For the two‐line configuration, the computed mean is approximately
[tex]$$
\text{Two Line Mean} \approx 408.348 \text{ seconds}.
$$[/tex]
For the single‐line configuration, the computed mean is approximately
[tex]$$
\text{Single Line Mean} \approx 409.932 \text{ seconds}.
$$[/tex]
–––––––––––––––––––––––––––––––––––––––––––––––
Step 3. Compute the Standard Deviation
The standard deviation measures how spread out the numbers are from the mean. It is computed using the formula
[tex]$$
\sigma = \sqrt{\frac{1}{N}\sum_{i=1}^{N}(x_i-\mu)^2},
$$[/tex]
where [tex]$N$[/tex] is the number of values, [tex]$x_i$[/tex] represents each waiting time, and [tex]$\mu$[/tex] is the mean.

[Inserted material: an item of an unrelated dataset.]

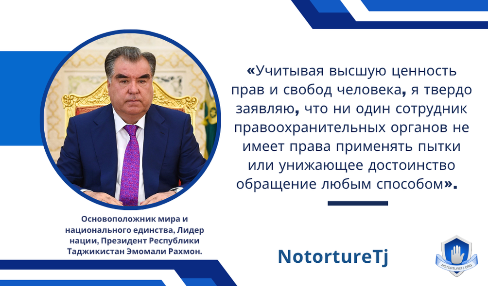 «Пусть 100 преступлений останутся нераскрытыми, но никогда не прибегайте к применению пыток». — Министр внутренних дел Таджикистан, Рамазон Рахимзода[6].

For the two‐line configuration, after calculating the squared differences from the mean for each waiting time and then taking the square root of the average of these squared differences, we obtain a standard deviation of approximately
[tex]$$
\sigma_{\text{Two Line}} \approx 274.232 \text{ seconds}.
$$[/tex]
For the single‐line configuration, the computed standard deviation is approximately
[tex]$$
\sigma_{\text{Single Line}} \approx 250.3743 \text{ seconds}.
$$[/tex]
–––––––––––––––––––––––––––––––––––––––––––––––
Step 4. Summary of the Results
The final computed statistics for the waiting times are:
1. For the two‐line configuration:
- Mean: [tex]$$408.348$$[/tex] seconds
- Standard Deviation: [tex]$$274.232$$[/tex] seconds
2. For the single‐line configuration:
- Mean: [tex]$$409.932$$[/tex] seconds
- Standard Deviation: [tex]$$250.3743$$[/tex] seconds
These results provide a summary of the average waiting times and the variability within each waiting line configuration.